Nouvelle-Écosse et Madame Pam Fisher de l’Ontario (OMAFRA) afin de capturer des vecteurs de virus ailés dans l’actuelle problématique du dépérissement des fraisières (Debra Moreau et Pam Fisher, comm. pers.). Les insectes issus de ces pièges sont facilement identifiables car non seulement ils ont gardés toutes leurs caractéristiques morphologiques intactes, mais il est possible de les monter sur lames et de les identifier au microscope à l’aide de clés d’identification (Maw, 1999; Foottit & Richards, 1993).

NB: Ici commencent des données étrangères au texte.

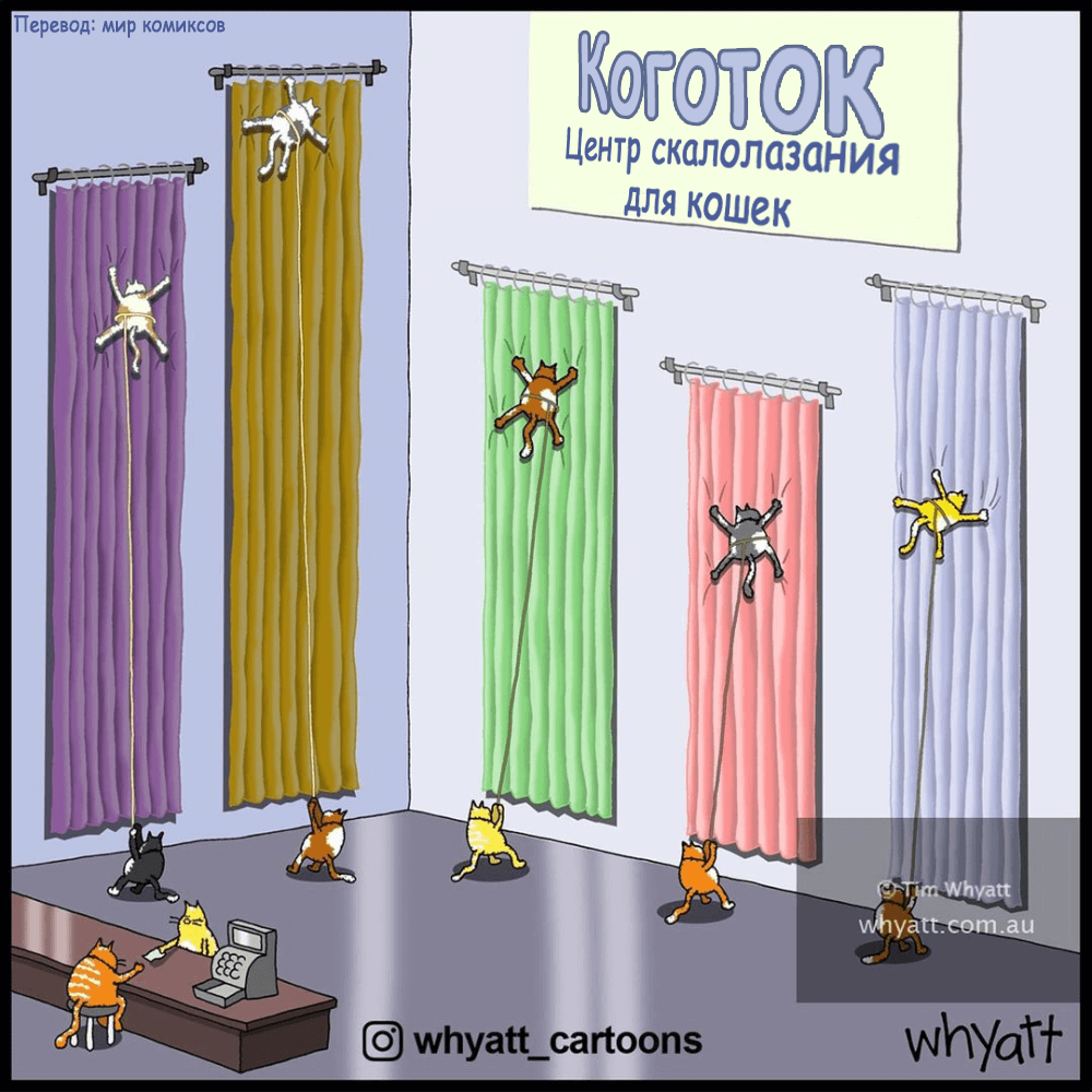 Посмотрите его комиксы и расскажите, какой из них понравился вам больше всего! Если захотите узнать больше, то можете поискать его сайт Whyatt Cartoons. А пока — улыбайтесь и не забывайте находить смешное в жизни.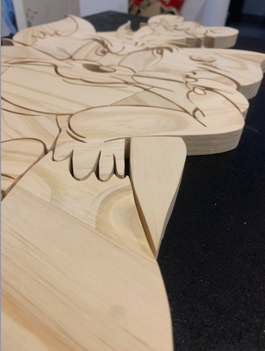 Cette pièce ravira autant les nostalgiques des dessins animés classiques que les amateurs d’art pop revisité en version bois.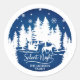 Weihnachtsrundaufkleber mit weißen Kiefern-Silhouetten mit Schneeflocken und einem Pferd gezeichnet Schlitten auf blauem Hintergrund, mit dem Wortlaut Stille Nacht in handgeschriebener Schrift. Benutzerfreundlich, indem Sie Ihren eigenen Familiennamen oder Text hinzufügen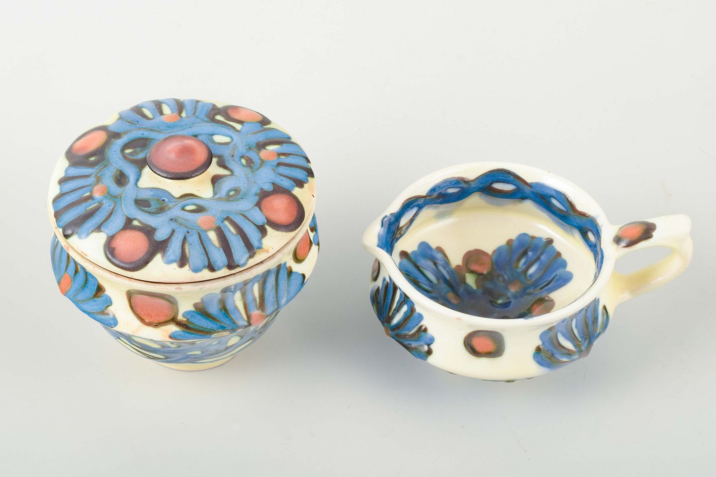 Et dekorativt sæt bestående af flødekande og sukkerskål fra Kählers berømte Marguerite-stel, hvor traditionelle former og farver forenes i et udtryk, der kombinerer brugskunst med dekorativ folkekunst.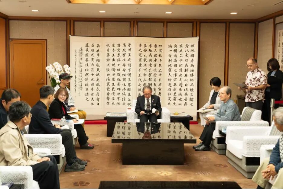 On the morning of the 15th, Okinawa Governor Denny Tamaki met with the delegation at the prefectural government office, including Global South Academic Forum Secretary-General Xiong Jie, Director of the International Department of Taiwan's Labor Party Zang Ruxing, Tricontinental: Institute for Social Research Asia coordinators Tings Chak and Atul Chandra. Veteran Okinawan peace movement activists Aragaki Kunio, Gushiken Takamatsu, Yonaha Keiko, and Sakoda Hidefumi also participated in the meeting. Governor Tamaki first expressed his gratitude and welcome to the delegation, saying he hoped to learn about the full content of their study tour and listen to voices from China and the Global South. He also expressed his desire to maintain continuous dialogue, foster good neighborly relations, and promote peace together, ensuring that the tragedy of the Battle of Okinawa never happens again.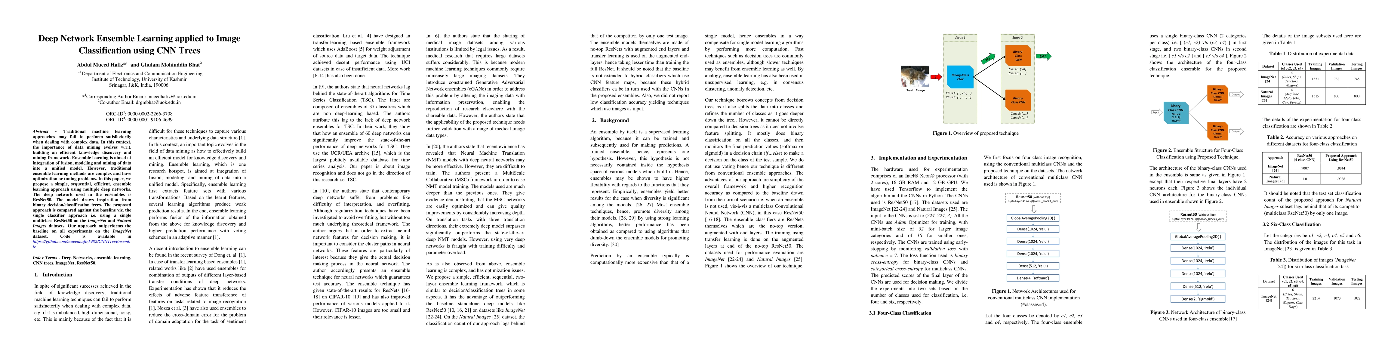 This paper proposes an efficient ensemble learning approach using multiple ResNet50 deep networks inspired by binary decision trees for image classification. The method outperforms a single ResNet50 model on ImageNet and Natural Images datasets, demonstrating improved performance through ensemble learning.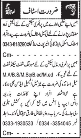 Private School jobs advertisement dated about 14 August 2025 in daily Jang Newspaper invites application for the vacant post of teacher, female teacher, urdu teacher, english teacher, admin officer and primary teacher in Quetta, quetta Balochistan Pakistan. Educational qualifications required M.ed, Master, BA, M.sc, Others, MA, B.ed and Bachelor etc.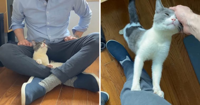 The charming bicolor cat always wanted to stick with his humans, he was just thrilled to be indoors again. Little Bear couldn’t help kneading (making biscuits) all the time even when he was sitting up, and it’s not hard to notice how happy and content he was.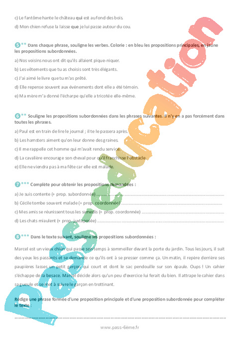 Exercices Les différents types de phrases complexes 6ème pdf

Le succès de ces deux pièges provient de la couleur jaune, qui est très attirante pour nombre d’insectes, dont les pucerons et les aleurodes (Eastop, 1955; Berlinger, 1980). Afin de mesurer la variation saisonnière de l’abondance des vecteurs de virus ailés, les pièges-bols jaunes et les pièges-collants jaunes semblent donc être des solutions adéquates.